Comparison of Fixed and Mobile Cost Structures
There are long-run differences between the cost structures of fixed and mobile networks that impact the cost of an average unit cost of voice traffic differently, and the GSMA commissioned PricewaterhouseCoopers (PwC) to examine these differences in detail. Their report considers both qualitative and quantitative analysis on the key differences between the two types of network as well as the intuitive and theoretical reasons why differences in cost structure might be expected, including:
- Treatment of access network costs
- Scarcity of spectrum
- Useful lives of assets
- Age of networks
- Scope and scale economies
- Ability to reduce costs through cost sharing
In recent times a number of commentators have questioned whether the scale of differences observed between fixed and mobile termination rates and whether the level of differences are cost reflective. Some commentators have gone so far as to suggest that the costs of fixed and mobile termination should be approximately the same. Given the fundamental differences between fixed and mobile networks we see no a priori reason to suppose that costs should be similar. In the light of the public debate and regulatory scrutiny, this paper examines the reasons why the cost of a minute of mobile telephony differs from, and is higher than, the cost of a minute of fixed telephony.
The biggest single difference is the access network and how its costs are driven and hence should be recovered.

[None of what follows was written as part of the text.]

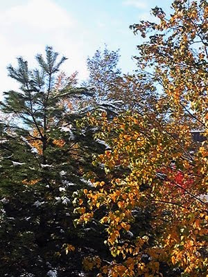 通勤途中に、まだ緑の葉っぱが半分残った木に雪が積もっているのを見ました。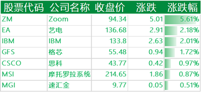 上涨的其他国外科技股包括:

The access network in a fixed network (predominantly the copper loops) is almost entirely driven by the number of subscribers and increases in traffic independent of the number of subscribers require no further investment in the access network. As such, the costs of the access network are appropriately recovered from a subscription service. This is not the case for mobile networks where the access network (base stations and associated equipment) is not dedicated to individual subscribers. An increase in traffic on mobile networks does require further investment in the access network. As such, the costs of the access network are appropriately recovered from traffic services.